FARA Files: Documents reveal how the BJP campaigns among Indian-Americans

OFBJP-USA’s filings under the Foreign Agents Registration Act includes posters for many of its events, held across the United States. ILLUSTRATION BY PARAMJEET SINGH
05 November, 2024

This is the first of a three-part series on the functioning of Hindutva organisations active in the United States.

In the spring and summer of 2023, Senate Bill 403, which sought to add caste as a form of ancestry protected from discrimination, was making its progress through California’s legislative process. It was watched closely by the state’s 2 million people of South Asian descent, with Ambedkarite activists backing the effort and Hindutva groups opposing it. On 11 September 2023, SB 403 was sent to the governor’s office after receiving near-unanimous support in both the state assembly and senate.

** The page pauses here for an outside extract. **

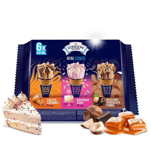 A multipack of assorted low calorie mini cones featuring Salted Caramel, Birthday Cake, and Hazelnut Chocolate Fudge ice cream.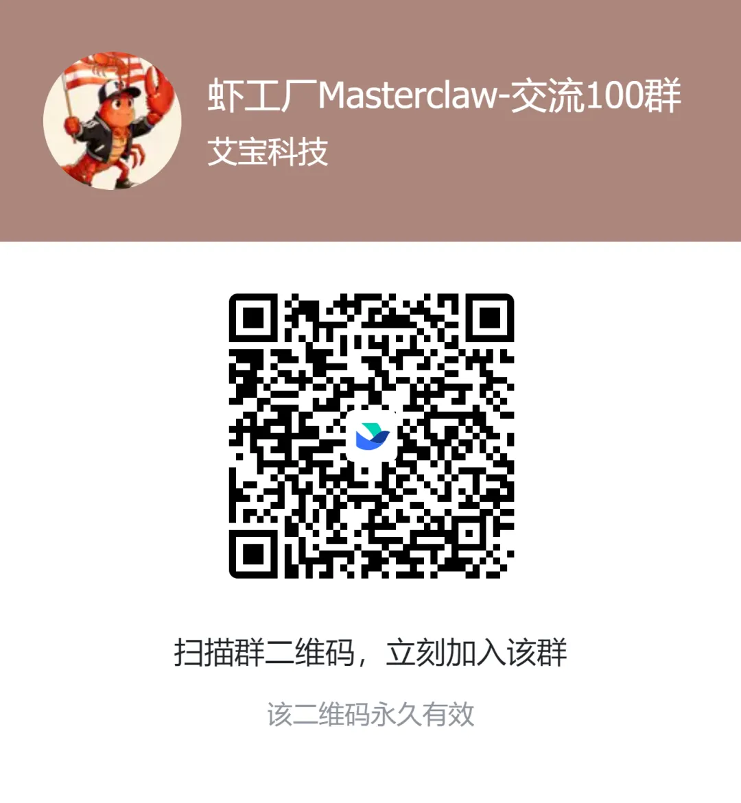 虾工厂Masterclaw 邀请你加入飞书群,快点击参观虾工厂加入吧!

A few days later, the California governor, Gavin Newsom, went to Chicago to attend a meeting with donors to a political-action committee working on President Joe Biden’s re-election campaign. There, he met Ramesh Kapur, who runs a Massachusetts-based company manufacturing medical equipment as well as the US–India Security Council, a lobbying organisation. Kapur has been involved in fundraising for candidates of the Democratic Party since 1983, when he helped elect the future presidential nominee Michael Dukakis to a second term as Massachusetts governor. “If you want to be our next president, veto the bill,” Kapur told Newsom, according to Harper’s Magazine. Newsom did so on 7 October, sending Kapur an email hours before he issued the veto.

Since then, Kapur has been active in fundraising for Newsom, whom he described to Harper’s as “the champion of the Hindu cause.” When Biden announced that he would not seek re-election, in July, Newsom was briefly considered a potential candidate, but the nomination was secured by another California politician, Vice-President Kamala Harris, whom Kapur has supported since her first run for the US Senate, in 2016. In an interview with a Telugu channel, he claimed that had he not approached Harris—whose mother was a Tamil Brahmin—over SB 403, “this bill would have been signed.” He later denied that he had solicited and secured her intervention, telling the Washington Post, “If I said that, I misspoke.” The offices of Harris and Newsom did not respond to my questions.